TASK DETAILS:
Return the data word for word. Pictures are to be omitted.

RAW DATA:
:::

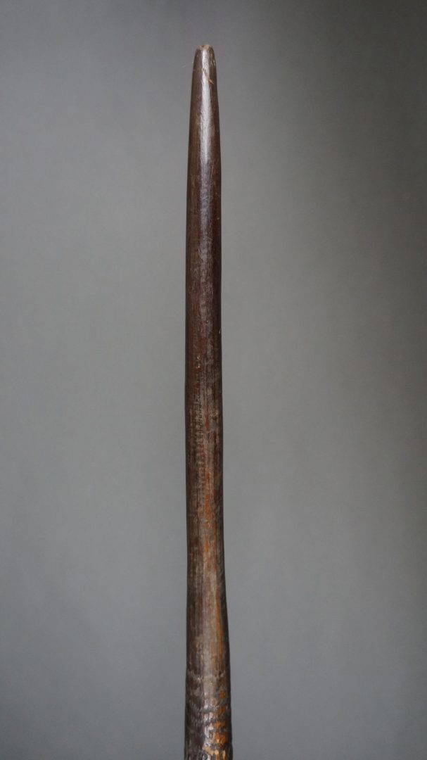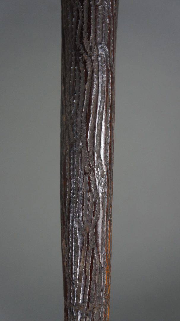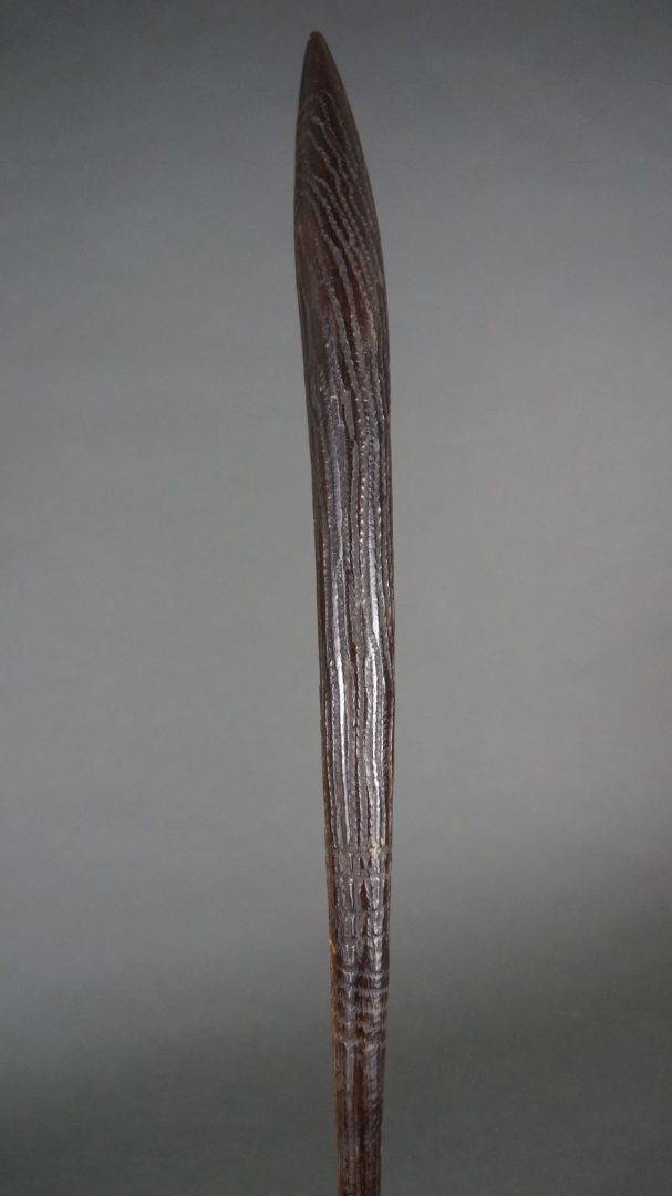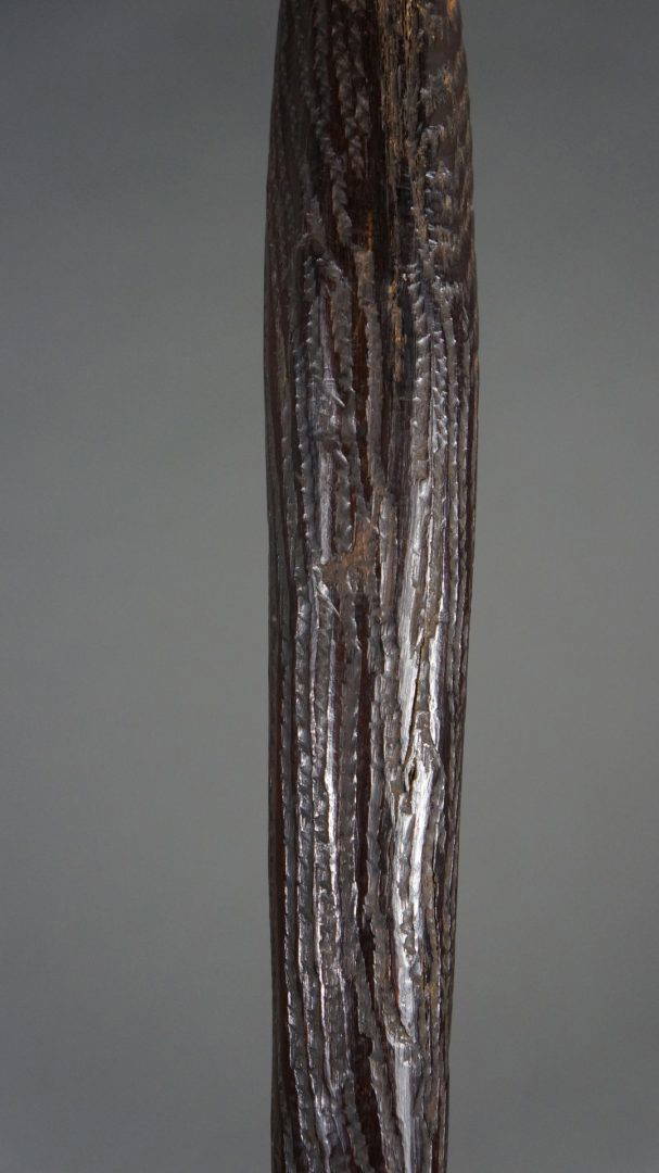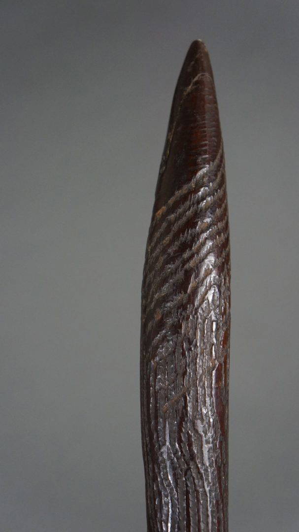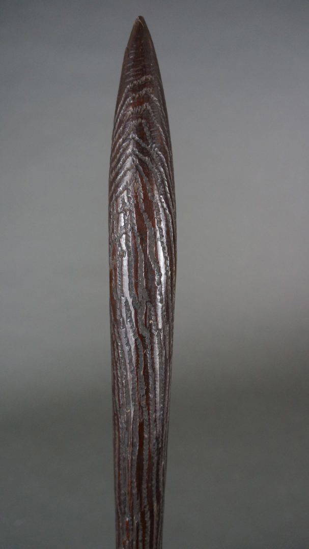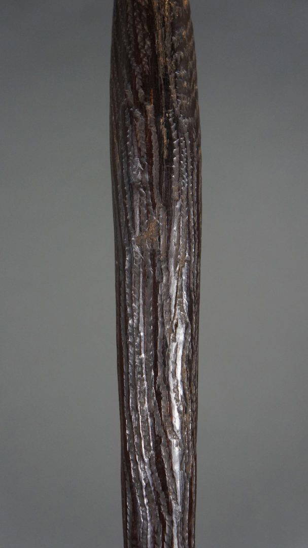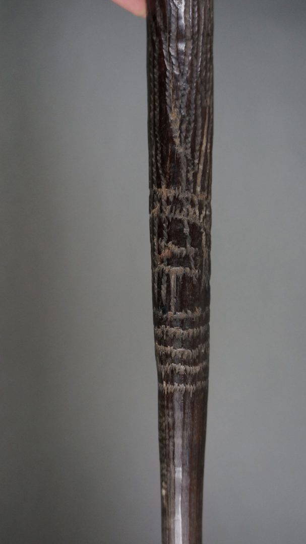 The tooling on this club is the same as found on early broad shields, suggesting that it was carved in N.S.W. Certainly in the 19th century.
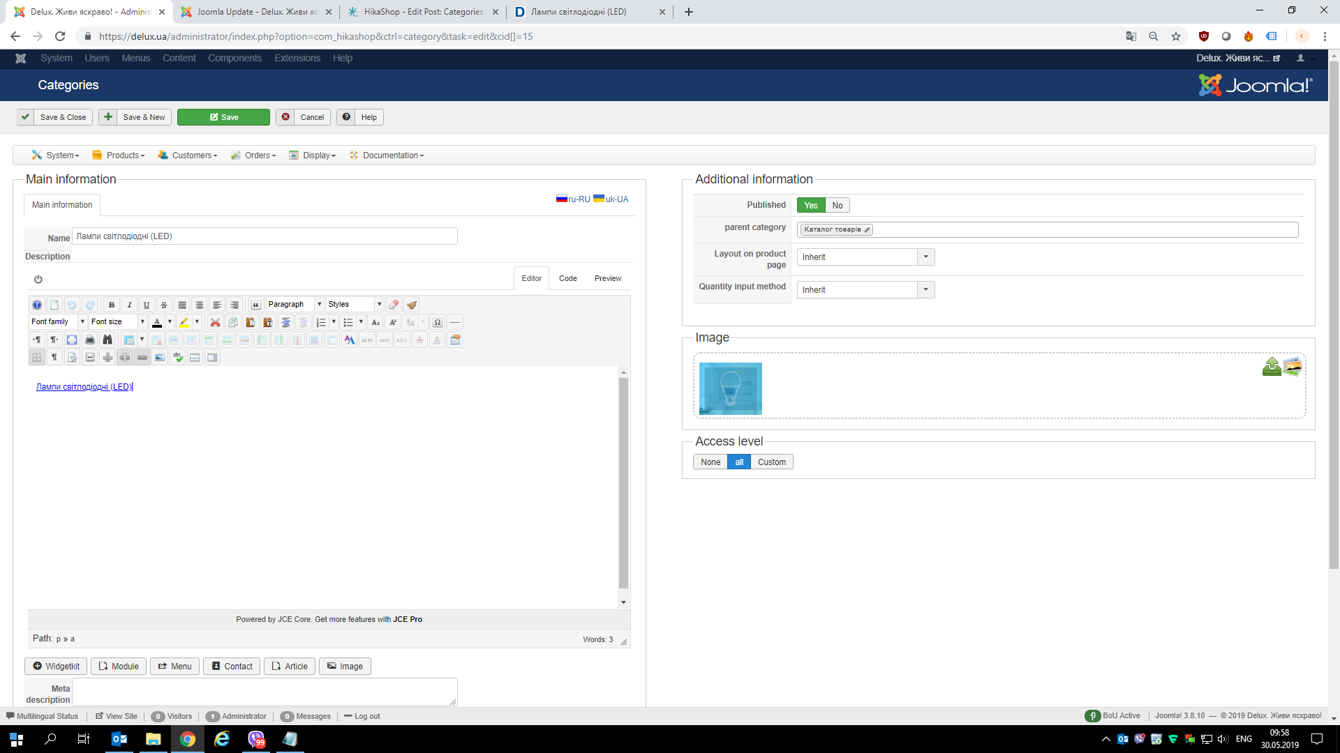 -- Joomla version -- : 3.8.10
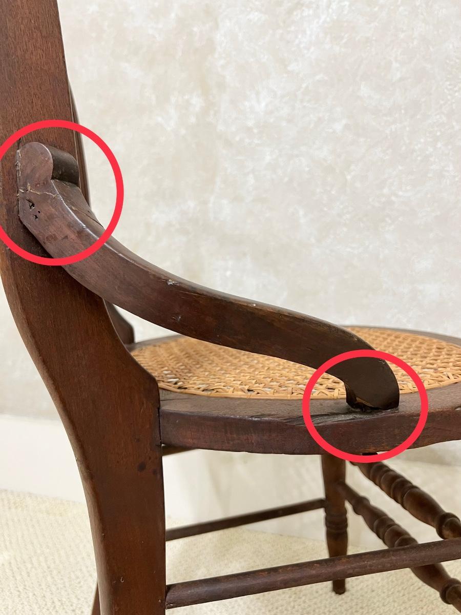 Arms need minor repair ~ 1 of the arms already has had a repair made, see photos ~`32” H x 18” W x 21.5” D
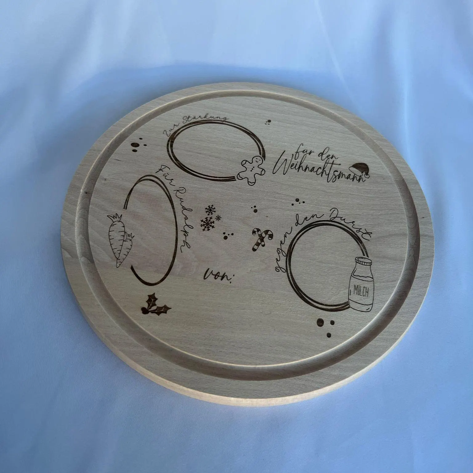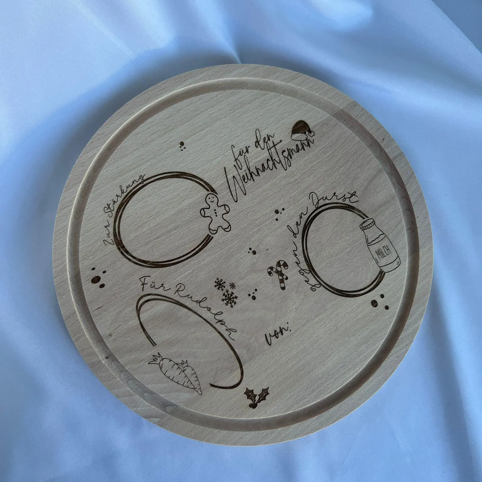 Dieser wunderschöne, personalisierte Teller ist perfekt geeignet für die festliche Tradition, dem Christkind, Nikolaus oder Weihnachtsmann Kekse und Milch bereitzustellen. Mit einem Durchmesser von 25 cm bietet der Teller ausreichend Platz, um süße Leckereien sowie ein Glas Milch für den Weihnachtsmann und eine kleine Karotte für das Rentier bereitzustellen.
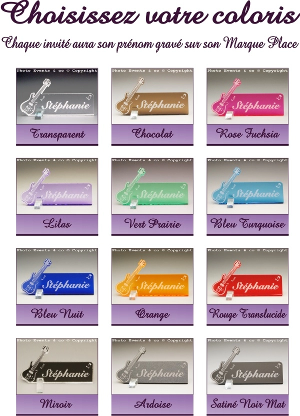 Commande faite pour mon mariage sur le thème de la musique .... marque place très joli avec la guitare et l'écriture est très bien faite ... Le colis est très bien emballé et chaque marque place dans son étui .... Très contente je recommande
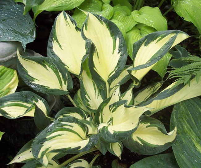 Хоста Dаnсing in thе Rаin – медленно растущая, крупная хоста, привлекающая внимание цветоводов своими потрясающе красивыми листьями. Рифленые, крупные, имеющие сердцевидную форму они образуют шикарный плотный куст, достигающий в ширину 1 м. Удивляет не только форма, а и окраска листовых пластин: белоснежный центр и неровная двухцветная кайма – сине-зеленая, со штрихами травянисто-зеленого цвета. При сильной жаре белый цвет может постепенно изменяться до светло-зеленого. На фоне пестрой зелени эффектно выглядят небольшие бледно-лавандовые, практически белые цветы. Растение растет медленно, но ожидание того стоит.
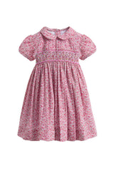 Inspired by Hans Christen Anderson’s fairytale of a tiny girl miraculously born into a flower, the Thumbelina dress is a ‘millefleur’ cotton, which literally translates as ‘thousand flowers’. It’s a guaranteed conversation-starter, imagination-igniter and twirl-inducer. Classic hand smocking is finished with intricate embroidered flowers on the chest. The Thumbelina has a signature Annafie silhouette with delicate puffed cap sleeves and a peter pan collar. Our dresses are lined in cotton to create a perfect flare for twirling and dancing like everybody’s watching. The Thumbelina has fabric covered buttons that fasten at the back and an attached sash tie at the waist (12 months+), which is a good test for the best bow-tier in the family. - 100% fine cotton - Machine washable at 30°C - Traditional hand smocking and embroidery -
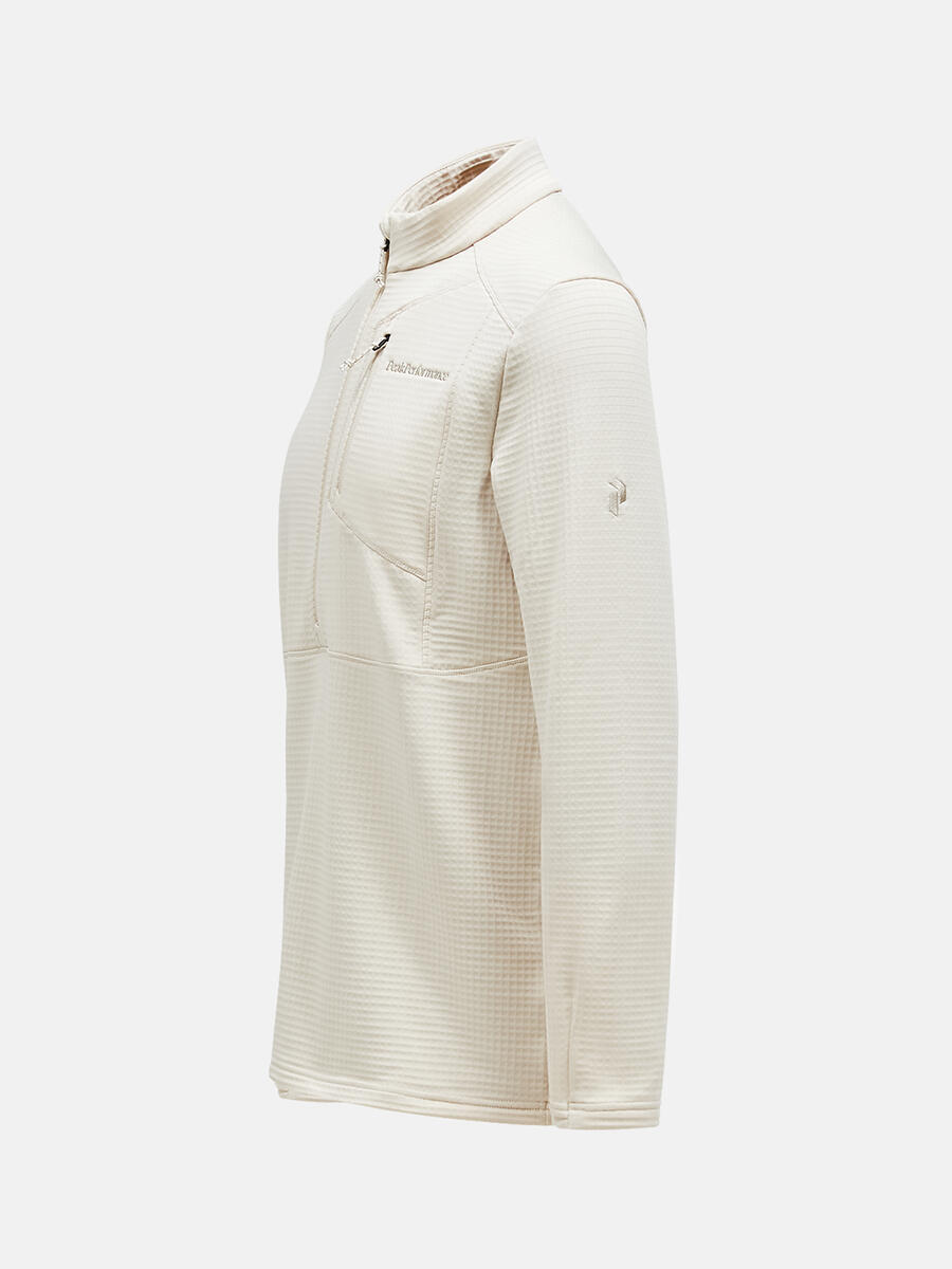 Deze elastische en technische fleece met halve ritssluiting is gemaakt met een rasterpatroon dat de luchtcirculatie verbetert, wat helpt bij je temperatuurbeheersing. Het heeft een normale pasvorm en is een basisstuk voor al je buitenactiviteiten. Met de borstzak met ritssluiting kunt u uw kleinere belangrijke spullen meenemen zonder uw bewegingen te beperken. Draag hem onder een shell of draag hem zelfstandig.

:::

PROBLEM SOLUTION:
 The tooling on this club is the same as found on early broad shields, suggesting that it was carved in N.S.W. Certainly in the 19th century.
 -- Joomla version -- : 3.8.10
 Arms need minor repair ~ 1 of the arms already has had a repair made, see photos ~`32” H x 18” W x 21.5” D
 Dieser wunderschöne, personalisierte Teller ist perfekt geeignet für die festliche Tradition, dem Christkind, Nikolaus oder Weihnachtsmann Kekse und Milch bereitzustellen. Mit einem Durchmesser von 25 cm bietet der Teller ausreichend Platz, um süße Leckereien sowie ein Glas Milch für den Weihnachtsmann und eine kleine Karotte für das Rentier bereitzustellen.
 Commande faite pour mon mariage sur le thème de la musique .... marque place très joli avec la guitare et l'écriture est très bien faite ... Le colis est très bien emballé et chaque marque place dans son étui .... Très contente je recommande
 Хоста Dаnсing in thе Rаin – медленно растущая, крупная хоста, привлекающая внимание цветоводов своими потрясающе красивыми листьями. Рифленые, крупные, имеющие сердцевидную форму они образуют шикарный плотный куст, достигающий в ширину 1 м. Удивляет не только форма, а и окраска листовых пластин: белоснежный центр и неровная двухцветная кайма – сине-зеленая, со штрихами травянисто-зеленого цвета. При сильной жаре белый цвет может постепенно изменяться до светло-зеленого. На фоне пестрой зелени эффектно выглядят небольшие бледно-лавандовые, практически белые цветы. Растение растет медленно, но ожидание того стоит.
 Inspired by Hans Christen Anderson’s fairytale of a tiny girl miraculously born into a flower, the Thumbelina dress is a ‘millefleur’ cotton, which literally translates as ‘thousand flowers’. It’s a guaranteed conversation-starter, imagination-igniter and twirl-inducer. Classic hand smocking is finished with intricate embroidered flowers on the chest. The Thumbelina has a signature Annafie silhouette with delicate puffed cap sleeves and a peter pan collar. Our dresses are lined in cotton to create a perfect flare for twirling and dancing like everybody’s watching. The Thumbelina has fabric covered buttons that fasten at the back and an attached sash tie at the waist (12 months+), which is a good test for the best bow-tier in the family. - 100% fine cotton - Machine washable at 30°C - Traditional hand smocking and embroidery -
 Deze elastische en technische fleece met halve ritssluiting is gemaakt met een rasterpatroon dat de luchtcirculatie verbetert, wat helpt bij je temperatuurbeheersing. Het heeft een normale pasvorm en is een basisstuk voor al je buitenactiviteiten. Met de borstzak met ritssluiting kunt u uw kleinere belangrijke spullen meenemen zonder uw bewegingen te beperken. Draag hem onder een shell of draag hem zelfstandig.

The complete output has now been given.